Osprey says their pack is compatible up to a 1.5L hydration reservoir, but I was able to shove my 3L in there (mostly because I didn’t realize they recommended a 1.5L). The Poco Plus was the most difficult to get any bladder in and out of the opening.
Osprey does not give you a lot of room to get a bladder in there. I use CamelBak bladders, but maybe the Osprey reservoirs work better in the space since they are a little different design. Disclaimer: if you use larger than a 1.5L hydration bladder, you cannot use the torso adjuster easily.
The Thule takes a bit to get to the opening since you have to remove the chin cushion and unclip the child seat before you access the pouch. Once you get to it, just drop any size bladder in and attach the hook, reassemble and you are good to go. Easiest bladder insertion, even if it takes a bit to get there.

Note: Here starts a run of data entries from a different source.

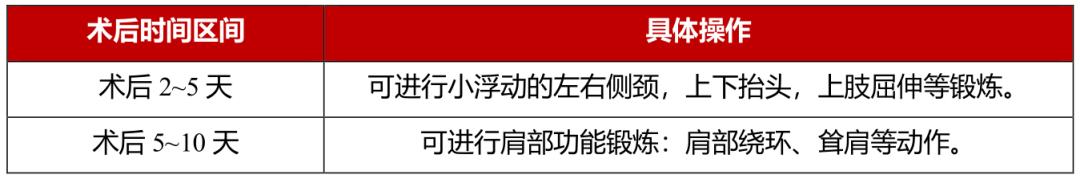 在排除术后出血高危因素和充分评估患者个体健康风险的基础上,建议术后早期进行适当的颈部功能锻炼可以促进切口愈合。具体时间及步骤见(表2)。
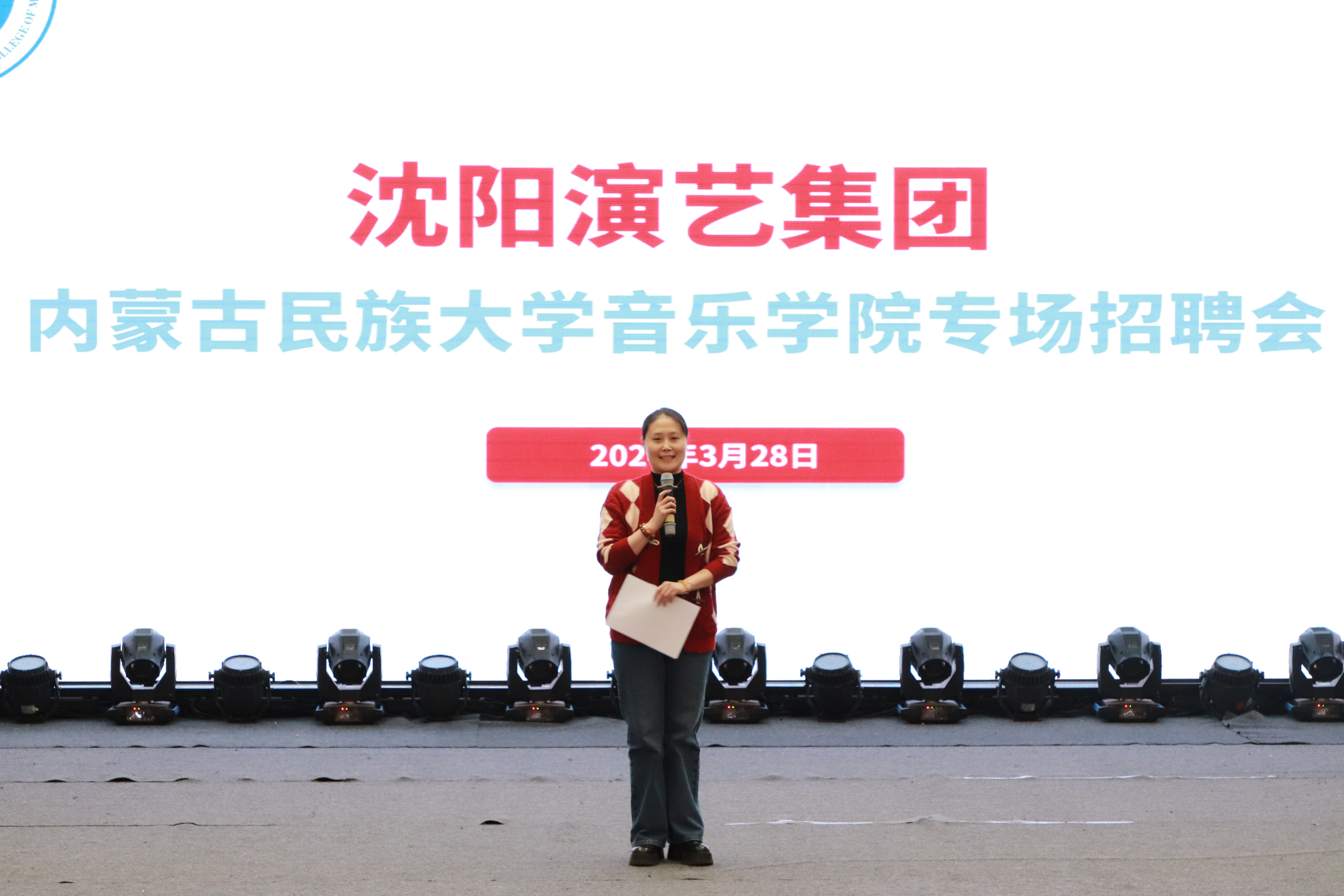 会上,沈阳演艺集团副经理李媚与音乐学院毕业生分享企业发展、职业成长的故事,介绍集团的用人要求及薪资待遇,并诚邀他们加入沈阳演艺集团的大家庭,本次宣讲为即将走出校园的学子们提供了一个了解行业趋势、规划职业道路的宝贵机会。
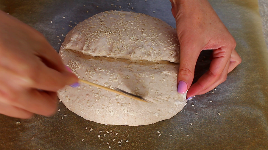 Когда тесто настоится, еще раз выкладываем его на кухонный стол и вручную обминаем несколько раз. Руками придаем тесту округлой формы, делаем на поверхности изделия ножом несколько надрезов и выкладываем на застеленный бумагой для выпечки противень.
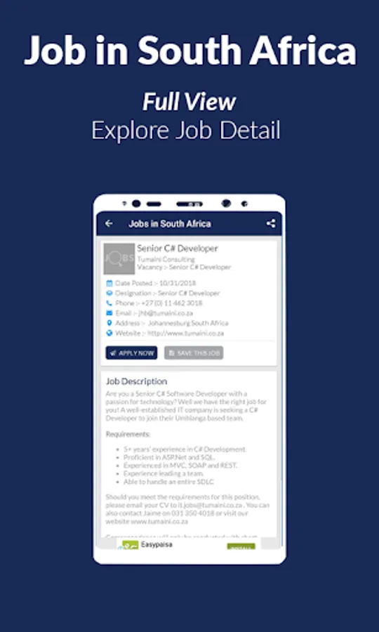 Download Jobs In South Africa today and get your dream job. If you are an employer, use Jobs In South Africa to get hundreds of qualified and interested employees at the click of a button!
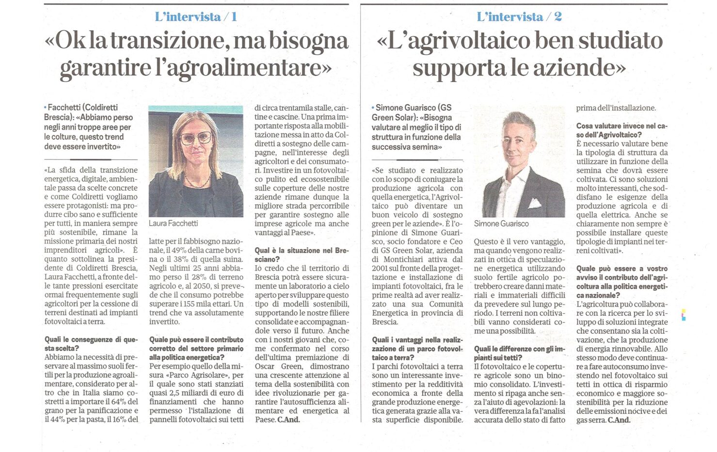 In questo articolo, pubblicato sul Bresciaoggi, nell’edizione del 29/02/24, il nostro CEO Simone Guarisco risponde ad alcune domande in merito al binomio tra la produzione agricola e gli impianti agrivoltaici, oltre ad offrire spunti di riflessione sul ruolo che l’agricoltura sta assumendo nel mercato della produzione di energia rinnovabile.
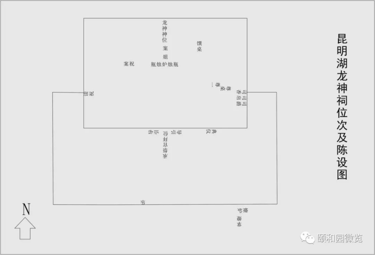 黑龙潭龙王庙的祭祀礼节与秋祭都城隍庙同,《大清会典事例》记载的祭都城隍庙的仪式是:黎明承祭官朝服诣庙。赞引太常寺赞礼郎二人,引承祭官由左侧门入,赞盥洗。承祭官盥手毕,升东阶,至拜位前,北面立。典仪赞执事官各共乃职。赞礼郎赞就位。承祭官就位立。典仪赞迎神。乐作。赞礼郎赞就上香位,引承祭官入殿中门至香炉前立,赞上香,司香跪奉香,承祭官上炷香,三上瓣香毕,赞复位,承祭官复位立。赞跪叩兴,承祭官行三跪九叩礼兴。典仪赞奠帛爵行初献礼。司帛跪献篚于案,三叩兴。司爵献爵于正中,皆退。司祝诣祝案前三叩兴,奉祝版跪案左。乐暂止。典仪赞读祝,赞礼郎赞跪,承祭官跪,司祝读祝毕,兴,奉祝版跪安于篚内,叩如初,兴退。乐作。赞礼郎赞叩兴,承祭官行三叩礼兴,典仪赞行亚献礼,司爵奉爵献于左,如初献仪,退。典仪赞行终献礼,司爵奉爵献于右,如亚献仪,退。典仪赞送神,赞礼郎赞跪叩兴,承祭官行三跪九叩礼兴。典仪赞奉祝帛送燎,司祝、司帛诣神位前跪三叩。奉祝帛兴,司香跪奉香兴,以次送至燎所,承祭官避立拜位西,俟祝帛过,复位立。典仪赞望燎,赞礼郎引承祭官诣燎位视燎。赞礼郎引承祭官仍由东侧门出。乐止。各退……送神时典仪赞撤饌,有司乃撤。从昆明湖龙神祠位次图可知,图中的导引二人就是赞礼郎,余下的参与仪式者都与都城隍庙相同,过程也确实同祭黑龙潭龙王庙一样,要经历“迎神,上香,初献,读祝,亚献,三献,撤饌,送神望燎”等步骤。仪式中乐部和声署所奏乐为庆神欢乐,为清代群祀所奏之乐。《大清会典事例》中记载庆神欢乐的标准配置是:鼓一,笙一,管二,云罗一,笛二,拍板一。位次图中也有乐工的位置。
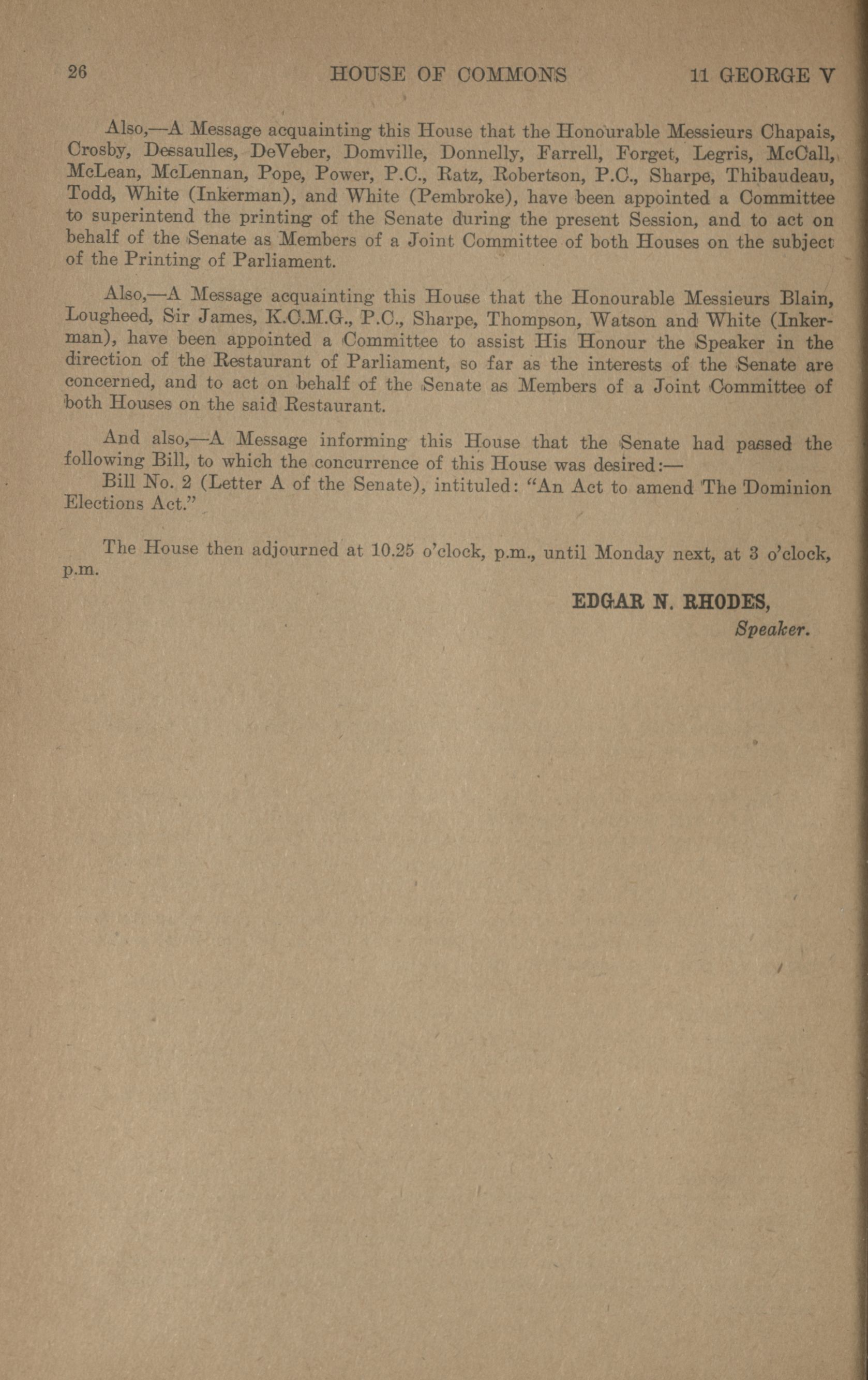 « House of Commons Votes and Proceedings, 13th Parliament, 5th Session
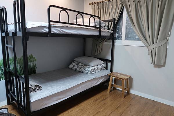 我的房間在2F,4人女生宿舍。有窗戶,有壁畫,連冷氣機沒用時都套上防塵袋,老闆真的很注重清潔衛生吧!
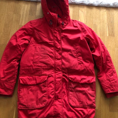 Cellbes jakke for dame i størrelse XXL. Jakken er rød og laget i polyester. Den har hette, glidelås foran med knappestolpe, flere lommer foran og vattert innside. Egner seg som ytterjakke i kjøligere vær.
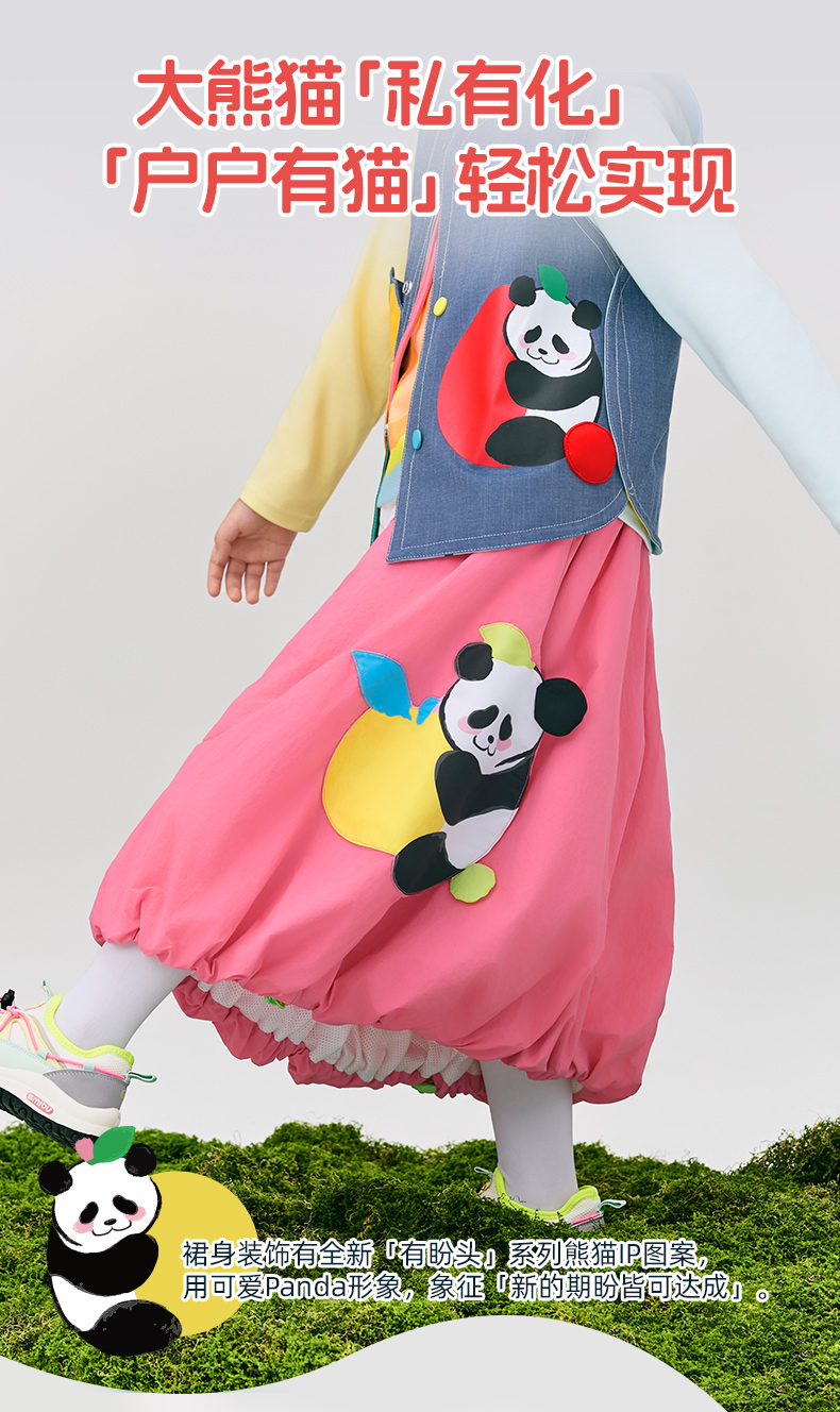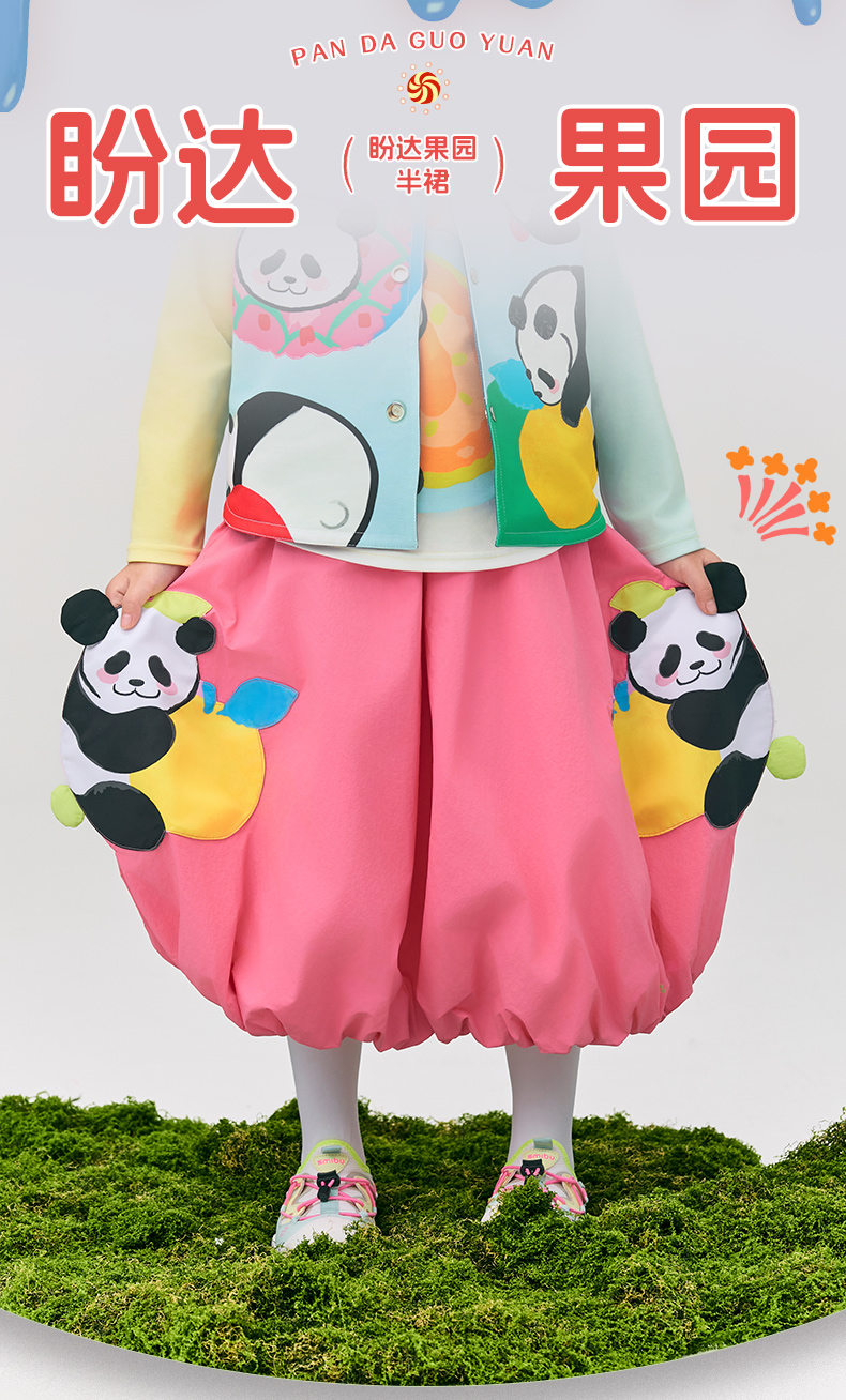 年衣童装女童半身裙2025年春季新款儿童灯笼裙熊猫卡通伞裙花苞裙盼达果园半裙

If you are a water bottle lover, the Osprey is the only pack that has a lower stash pocket that you might be able to reach for without help. Neither the Deuter or Thule have a pocket for a water bottle within reach of the wearer.
I love that the Deuter has TWO stirrup attachment points, which is awesome for the little littles. You can use the higher attachment point for shorter legs and once they get a little taller move it down to the lower attachment.
They also have adjusters on the stirrup to make the opening just a little smaller for smaller feet. The Thule and Osprey each only have one attachment point that is toward the bottom of the pack and even on the highest setting, my little one still couldn’t reach them early on.
The Deuter and Osprey both have exposed frames on the bottom. The Thule is covered in fabric which I see as a nuisance, always getting dirty and likely to wear out.
Osprey was the easiest to use for my short arms. It pulled in and push out easily. Deuter was a little more difficult because it is a little further back when extended. The Thule wasn’t bad, but you had to grab both legs.
Both Osprey and Deuter have a “closed loop” style kickstand that is very stable. The Thule has two individual legs and I felt was the least stable.
I felt like the Deuter Kid Comfort had the roomiest child cockpit and was the best for bigger kids. The Osprey is your best bet for smaller kids. Check out the gallery below with my 4.5 year old and 15 month old in each of the packs.
Kylie (4.5) is 40 pounds and 40 inches tall. Nora (15 months) is 20 pounds and 28 inches tall.
Deuter Kid Comfort is the winner in our house. Our KCII is over 4 years old and still going strong and I love the new upgrades on the current model.
Although I only tested three specific packs, keep in mind that the other packs in a brand’s line up are going to be similar. Features like the adult harness, adult hip belt, child harness and adjustments are going to be very comparable, if not the same. Many of the upgrades/downgrades come with storage space and/or specific features (like the built in sunshade on the Deuter Kid Comfort Pro.)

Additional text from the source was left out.